(Extracted records)

--- START ---

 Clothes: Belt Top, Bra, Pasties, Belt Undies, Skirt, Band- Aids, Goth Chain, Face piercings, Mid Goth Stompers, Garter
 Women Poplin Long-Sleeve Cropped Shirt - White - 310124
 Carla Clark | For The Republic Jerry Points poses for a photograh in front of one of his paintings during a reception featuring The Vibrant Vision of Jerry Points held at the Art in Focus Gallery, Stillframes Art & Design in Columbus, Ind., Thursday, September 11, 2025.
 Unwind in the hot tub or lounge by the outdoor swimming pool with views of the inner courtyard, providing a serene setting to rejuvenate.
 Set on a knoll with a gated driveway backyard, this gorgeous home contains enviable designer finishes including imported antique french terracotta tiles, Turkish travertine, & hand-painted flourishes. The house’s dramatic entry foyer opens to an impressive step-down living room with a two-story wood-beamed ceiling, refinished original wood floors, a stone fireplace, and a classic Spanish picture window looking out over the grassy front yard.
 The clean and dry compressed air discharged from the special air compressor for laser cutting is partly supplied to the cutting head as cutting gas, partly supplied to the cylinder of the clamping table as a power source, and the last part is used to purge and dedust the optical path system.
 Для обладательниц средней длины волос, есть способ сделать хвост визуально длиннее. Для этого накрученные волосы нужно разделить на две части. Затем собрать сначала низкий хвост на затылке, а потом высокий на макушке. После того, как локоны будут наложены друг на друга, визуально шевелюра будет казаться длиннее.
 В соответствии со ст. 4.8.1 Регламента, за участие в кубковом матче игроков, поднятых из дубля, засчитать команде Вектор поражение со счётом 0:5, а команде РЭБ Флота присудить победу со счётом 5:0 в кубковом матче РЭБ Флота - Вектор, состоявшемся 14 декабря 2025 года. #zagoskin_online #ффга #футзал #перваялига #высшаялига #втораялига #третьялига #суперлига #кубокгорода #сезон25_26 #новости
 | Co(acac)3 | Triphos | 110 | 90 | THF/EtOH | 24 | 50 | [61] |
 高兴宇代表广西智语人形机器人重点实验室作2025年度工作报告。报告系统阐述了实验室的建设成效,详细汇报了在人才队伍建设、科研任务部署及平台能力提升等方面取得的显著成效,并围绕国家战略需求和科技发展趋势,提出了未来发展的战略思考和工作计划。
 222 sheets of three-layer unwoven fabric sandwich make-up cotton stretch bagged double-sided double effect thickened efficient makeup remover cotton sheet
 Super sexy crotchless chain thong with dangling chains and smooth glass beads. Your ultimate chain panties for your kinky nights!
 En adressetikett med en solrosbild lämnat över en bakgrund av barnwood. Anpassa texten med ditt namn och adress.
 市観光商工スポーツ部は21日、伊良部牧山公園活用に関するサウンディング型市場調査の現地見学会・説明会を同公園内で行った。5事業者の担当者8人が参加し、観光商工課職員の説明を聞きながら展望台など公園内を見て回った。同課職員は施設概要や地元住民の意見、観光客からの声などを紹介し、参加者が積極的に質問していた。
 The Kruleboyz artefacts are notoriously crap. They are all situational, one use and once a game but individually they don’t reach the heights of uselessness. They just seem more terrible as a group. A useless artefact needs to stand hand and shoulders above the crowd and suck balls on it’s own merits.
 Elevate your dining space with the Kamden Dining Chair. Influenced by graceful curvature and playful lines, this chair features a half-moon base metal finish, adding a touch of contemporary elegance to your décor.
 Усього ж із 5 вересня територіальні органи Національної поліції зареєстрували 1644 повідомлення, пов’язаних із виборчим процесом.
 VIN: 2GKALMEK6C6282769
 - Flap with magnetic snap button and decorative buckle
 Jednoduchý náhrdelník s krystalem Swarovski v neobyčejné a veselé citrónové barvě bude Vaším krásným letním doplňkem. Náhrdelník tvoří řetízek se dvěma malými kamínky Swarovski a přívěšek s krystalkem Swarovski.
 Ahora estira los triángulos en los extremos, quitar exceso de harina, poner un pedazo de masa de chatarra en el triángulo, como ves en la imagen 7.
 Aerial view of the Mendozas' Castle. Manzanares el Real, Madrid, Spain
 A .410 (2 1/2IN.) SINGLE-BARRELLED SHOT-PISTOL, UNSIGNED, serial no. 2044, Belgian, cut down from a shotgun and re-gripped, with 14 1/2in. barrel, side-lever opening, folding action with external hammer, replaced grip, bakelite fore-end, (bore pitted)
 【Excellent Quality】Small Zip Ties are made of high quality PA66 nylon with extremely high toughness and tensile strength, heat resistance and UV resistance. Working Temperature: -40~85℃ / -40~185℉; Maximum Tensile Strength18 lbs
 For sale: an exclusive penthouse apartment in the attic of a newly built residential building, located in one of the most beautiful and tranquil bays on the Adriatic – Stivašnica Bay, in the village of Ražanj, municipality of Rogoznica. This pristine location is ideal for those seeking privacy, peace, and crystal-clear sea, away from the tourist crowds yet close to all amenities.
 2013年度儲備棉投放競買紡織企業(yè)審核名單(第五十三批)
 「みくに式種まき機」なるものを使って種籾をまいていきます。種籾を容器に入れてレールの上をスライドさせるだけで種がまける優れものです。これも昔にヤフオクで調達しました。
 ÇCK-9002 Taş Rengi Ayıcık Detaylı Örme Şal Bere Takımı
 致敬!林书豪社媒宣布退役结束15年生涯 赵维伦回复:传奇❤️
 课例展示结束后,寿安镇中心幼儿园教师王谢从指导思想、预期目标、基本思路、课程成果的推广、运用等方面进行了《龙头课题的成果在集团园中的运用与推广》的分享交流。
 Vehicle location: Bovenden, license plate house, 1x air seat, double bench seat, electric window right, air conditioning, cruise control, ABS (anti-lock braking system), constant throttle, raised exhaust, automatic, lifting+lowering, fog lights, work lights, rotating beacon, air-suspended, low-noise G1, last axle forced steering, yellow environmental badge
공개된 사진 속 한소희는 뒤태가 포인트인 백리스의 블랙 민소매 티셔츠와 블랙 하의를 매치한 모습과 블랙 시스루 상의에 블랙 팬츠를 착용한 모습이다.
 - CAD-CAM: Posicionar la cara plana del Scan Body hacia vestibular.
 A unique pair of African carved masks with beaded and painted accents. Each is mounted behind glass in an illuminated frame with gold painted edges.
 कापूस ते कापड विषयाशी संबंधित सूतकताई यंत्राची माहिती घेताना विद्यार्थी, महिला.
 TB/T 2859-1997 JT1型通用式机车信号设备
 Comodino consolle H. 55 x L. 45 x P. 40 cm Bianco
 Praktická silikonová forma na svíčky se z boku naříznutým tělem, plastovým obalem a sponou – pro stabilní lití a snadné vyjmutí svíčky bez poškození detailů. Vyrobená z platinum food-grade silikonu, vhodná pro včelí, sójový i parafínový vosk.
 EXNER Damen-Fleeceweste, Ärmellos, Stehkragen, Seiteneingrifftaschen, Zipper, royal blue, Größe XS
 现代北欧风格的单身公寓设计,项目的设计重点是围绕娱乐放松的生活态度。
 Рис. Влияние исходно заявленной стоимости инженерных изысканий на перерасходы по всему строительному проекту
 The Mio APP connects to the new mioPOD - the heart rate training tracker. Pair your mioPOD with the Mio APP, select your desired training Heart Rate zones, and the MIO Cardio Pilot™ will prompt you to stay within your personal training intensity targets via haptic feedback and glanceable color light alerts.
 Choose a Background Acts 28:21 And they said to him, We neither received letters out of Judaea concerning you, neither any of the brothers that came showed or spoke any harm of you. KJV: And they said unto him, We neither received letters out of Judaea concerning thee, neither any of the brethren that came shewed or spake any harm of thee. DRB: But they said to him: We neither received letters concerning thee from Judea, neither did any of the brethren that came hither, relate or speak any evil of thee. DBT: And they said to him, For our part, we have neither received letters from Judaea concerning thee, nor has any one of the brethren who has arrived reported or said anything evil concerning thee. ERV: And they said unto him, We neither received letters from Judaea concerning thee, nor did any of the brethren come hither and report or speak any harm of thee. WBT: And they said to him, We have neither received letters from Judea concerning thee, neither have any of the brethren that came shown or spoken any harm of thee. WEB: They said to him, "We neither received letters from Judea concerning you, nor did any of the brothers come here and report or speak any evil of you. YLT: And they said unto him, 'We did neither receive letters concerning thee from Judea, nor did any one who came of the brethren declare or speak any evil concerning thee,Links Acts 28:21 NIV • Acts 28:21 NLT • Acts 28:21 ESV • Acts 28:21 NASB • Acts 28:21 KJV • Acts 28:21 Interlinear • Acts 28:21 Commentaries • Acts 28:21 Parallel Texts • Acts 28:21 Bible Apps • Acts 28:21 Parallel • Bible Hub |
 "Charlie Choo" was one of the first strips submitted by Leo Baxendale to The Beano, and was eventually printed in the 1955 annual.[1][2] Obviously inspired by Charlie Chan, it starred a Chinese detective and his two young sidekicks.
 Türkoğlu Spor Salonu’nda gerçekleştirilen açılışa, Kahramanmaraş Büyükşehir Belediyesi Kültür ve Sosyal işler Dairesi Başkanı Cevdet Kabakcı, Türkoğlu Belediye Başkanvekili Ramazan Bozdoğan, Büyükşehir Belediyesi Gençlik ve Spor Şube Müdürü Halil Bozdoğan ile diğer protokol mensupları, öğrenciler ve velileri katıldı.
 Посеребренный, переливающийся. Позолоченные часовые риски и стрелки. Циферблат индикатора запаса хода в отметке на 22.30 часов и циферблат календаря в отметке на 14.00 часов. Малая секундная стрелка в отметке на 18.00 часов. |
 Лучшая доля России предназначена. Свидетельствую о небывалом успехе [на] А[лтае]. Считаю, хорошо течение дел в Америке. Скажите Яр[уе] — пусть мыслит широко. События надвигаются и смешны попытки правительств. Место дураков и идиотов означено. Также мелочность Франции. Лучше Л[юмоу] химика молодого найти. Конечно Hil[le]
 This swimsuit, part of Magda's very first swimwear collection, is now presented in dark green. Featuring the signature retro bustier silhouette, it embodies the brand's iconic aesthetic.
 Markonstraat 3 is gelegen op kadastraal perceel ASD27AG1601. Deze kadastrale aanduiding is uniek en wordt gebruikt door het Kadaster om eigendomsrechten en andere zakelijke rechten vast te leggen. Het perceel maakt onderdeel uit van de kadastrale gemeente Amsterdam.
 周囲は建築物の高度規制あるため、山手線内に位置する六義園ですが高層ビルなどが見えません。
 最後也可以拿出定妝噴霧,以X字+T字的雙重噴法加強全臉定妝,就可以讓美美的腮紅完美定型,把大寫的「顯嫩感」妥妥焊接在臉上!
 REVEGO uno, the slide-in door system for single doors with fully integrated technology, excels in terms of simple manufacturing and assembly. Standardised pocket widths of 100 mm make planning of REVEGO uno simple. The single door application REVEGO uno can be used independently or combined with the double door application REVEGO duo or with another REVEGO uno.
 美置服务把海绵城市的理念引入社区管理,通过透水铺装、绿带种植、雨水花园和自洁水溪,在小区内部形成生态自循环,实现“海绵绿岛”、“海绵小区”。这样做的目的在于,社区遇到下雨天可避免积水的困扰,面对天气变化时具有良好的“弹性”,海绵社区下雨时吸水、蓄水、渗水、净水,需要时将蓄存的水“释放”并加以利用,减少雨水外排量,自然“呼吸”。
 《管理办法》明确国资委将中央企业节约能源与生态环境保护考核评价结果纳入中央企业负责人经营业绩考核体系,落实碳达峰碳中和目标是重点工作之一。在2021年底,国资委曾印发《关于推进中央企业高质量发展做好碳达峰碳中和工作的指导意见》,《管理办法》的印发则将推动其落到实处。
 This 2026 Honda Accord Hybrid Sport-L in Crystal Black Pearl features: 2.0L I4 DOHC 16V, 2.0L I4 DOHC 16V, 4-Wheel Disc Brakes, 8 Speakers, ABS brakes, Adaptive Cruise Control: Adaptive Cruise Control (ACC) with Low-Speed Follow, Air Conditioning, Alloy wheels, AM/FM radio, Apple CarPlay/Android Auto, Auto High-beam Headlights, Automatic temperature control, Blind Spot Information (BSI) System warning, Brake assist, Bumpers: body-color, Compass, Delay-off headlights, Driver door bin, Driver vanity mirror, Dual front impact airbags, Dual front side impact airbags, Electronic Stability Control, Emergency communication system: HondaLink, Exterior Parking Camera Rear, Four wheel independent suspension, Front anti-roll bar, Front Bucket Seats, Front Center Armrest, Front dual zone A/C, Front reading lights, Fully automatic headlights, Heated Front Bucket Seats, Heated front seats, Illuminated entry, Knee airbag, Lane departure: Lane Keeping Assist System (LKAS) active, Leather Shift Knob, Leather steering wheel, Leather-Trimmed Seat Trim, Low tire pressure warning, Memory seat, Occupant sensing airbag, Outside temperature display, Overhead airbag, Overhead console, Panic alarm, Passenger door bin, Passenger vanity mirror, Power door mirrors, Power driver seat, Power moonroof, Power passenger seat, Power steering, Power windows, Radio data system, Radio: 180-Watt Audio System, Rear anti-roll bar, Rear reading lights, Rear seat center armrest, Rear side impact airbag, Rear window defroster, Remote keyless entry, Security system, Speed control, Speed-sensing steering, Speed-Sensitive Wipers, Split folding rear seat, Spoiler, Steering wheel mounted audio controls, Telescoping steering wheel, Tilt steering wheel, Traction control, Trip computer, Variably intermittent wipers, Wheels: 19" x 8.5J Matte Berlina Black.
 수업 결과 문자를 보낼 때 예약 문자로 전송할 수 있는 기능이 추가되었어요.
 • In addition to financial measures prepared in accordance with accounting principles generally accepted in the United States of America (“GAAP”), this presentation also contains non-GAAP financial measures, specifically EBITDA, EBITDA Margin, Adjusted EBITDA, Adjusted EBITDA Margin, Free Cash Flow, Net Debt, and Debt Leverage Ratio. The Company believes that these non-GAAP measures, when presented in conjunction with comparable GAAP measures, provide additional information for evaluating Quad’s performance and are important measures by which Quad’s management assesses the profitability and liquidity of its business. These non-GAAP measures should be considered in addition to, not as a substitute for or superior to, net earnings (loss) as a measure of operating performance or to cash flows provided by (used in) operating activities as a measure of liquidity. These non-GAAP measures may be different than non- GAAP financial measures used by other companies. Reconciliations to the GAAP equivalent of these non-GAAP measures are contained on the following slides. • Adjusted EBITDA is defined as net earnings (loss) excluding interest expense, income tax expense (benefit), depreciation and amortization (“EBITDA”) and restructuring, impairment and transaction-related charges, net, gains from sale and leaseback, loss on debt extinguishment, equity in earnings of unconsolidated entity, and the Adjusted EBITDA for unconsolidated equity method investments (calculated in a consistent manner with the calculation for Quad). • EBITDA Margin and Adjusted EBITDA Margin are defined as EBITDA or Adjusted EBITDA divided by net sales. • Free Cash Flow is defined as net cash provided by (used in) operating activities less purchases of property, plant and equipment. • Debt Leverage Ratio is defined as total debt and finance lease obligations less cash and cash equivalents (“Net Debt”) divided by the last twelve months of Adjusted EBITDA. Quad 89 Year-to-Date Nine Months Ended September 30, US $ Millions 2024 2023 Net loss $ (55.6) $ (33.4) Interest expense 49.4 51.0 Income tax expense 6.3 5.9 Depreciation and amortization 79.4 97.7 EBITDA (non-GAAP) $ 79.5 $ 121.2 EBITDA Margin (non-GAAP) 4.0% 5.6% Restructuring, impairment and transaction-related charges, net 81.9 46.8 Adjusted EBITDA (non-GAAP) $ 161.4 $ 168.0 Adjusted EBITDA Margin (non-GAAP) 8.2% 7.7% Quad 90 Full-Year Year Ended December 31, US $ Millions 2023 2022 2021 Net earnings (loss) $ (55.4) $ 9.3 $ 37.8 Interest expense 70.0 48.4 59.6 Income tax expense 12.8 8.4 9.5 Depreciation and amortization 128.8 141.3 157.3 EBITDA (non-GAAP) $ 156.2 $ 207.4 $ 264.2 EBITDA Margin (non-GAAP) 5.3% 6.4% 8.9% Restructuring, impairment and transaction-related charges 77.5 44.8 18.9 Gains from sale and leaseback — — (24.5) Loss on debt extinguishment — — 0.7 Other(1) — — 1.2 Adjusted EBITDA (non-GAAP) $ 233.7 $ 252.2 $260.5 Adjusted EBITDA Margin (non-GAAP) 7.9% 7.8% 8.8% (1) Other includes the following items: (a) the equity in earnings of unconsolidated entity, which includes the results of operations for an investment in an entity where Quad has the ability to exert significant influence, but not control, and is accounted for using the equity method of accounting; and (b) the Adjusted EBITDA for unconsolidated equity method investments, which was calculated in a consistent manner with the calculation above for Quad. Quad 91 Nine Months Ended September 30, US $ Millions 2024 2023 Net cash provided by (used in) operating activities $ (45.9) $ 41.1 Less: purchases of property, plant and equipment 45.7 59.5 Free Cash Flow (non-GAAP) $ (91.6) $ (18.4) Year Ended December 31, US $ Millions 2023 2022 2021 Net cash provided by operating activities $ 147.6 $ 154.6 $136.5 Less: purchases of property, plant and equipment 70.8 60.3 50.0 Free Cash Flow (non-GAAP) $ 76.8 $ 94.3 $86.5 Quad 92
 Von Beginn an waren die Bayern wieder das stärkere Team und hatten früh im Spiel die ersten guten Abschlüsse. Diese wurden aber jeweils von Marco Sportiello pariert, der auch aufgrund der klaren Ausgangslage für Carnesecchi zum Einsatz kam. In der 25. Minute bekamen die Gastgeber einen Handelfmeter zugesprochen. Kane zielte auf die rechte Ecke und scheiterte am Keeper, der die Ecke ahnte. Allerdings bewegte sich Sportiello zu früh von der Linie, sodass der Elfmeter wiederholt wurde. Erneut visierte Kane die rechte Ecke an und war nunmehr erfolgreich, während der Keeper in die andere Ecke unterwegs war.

--- END ---

▸ **What you need to do**
Copy the lines above exactly, from the very first through the one containing "Unwind in the", and include no other line.

▸ **Answer to the exercise**
 Clothes: Belt Top, Bra, Pasties, Belt Undies, Skirt, Band- Aids, Goth Chain, Face piercings, Mid Goth Stompers, Garter
 Women Poplin Long-Sleeve Cropped Shirt - White - 310124
 Carla Clark | For The Republic Jerry Points poses for a photograh in front of one of his paintings during a reception featuring The Vibrant Vision of Jerry Points held at the Art in Focus Gallery, Stillframes Art & Design in Columbus, Ind., Thursday, September 11, 2025.
 Unwind in the hot tub or lounge by the outdoor swimming pool with views of the inner courtyard, providing a serene setting to rejuvenate.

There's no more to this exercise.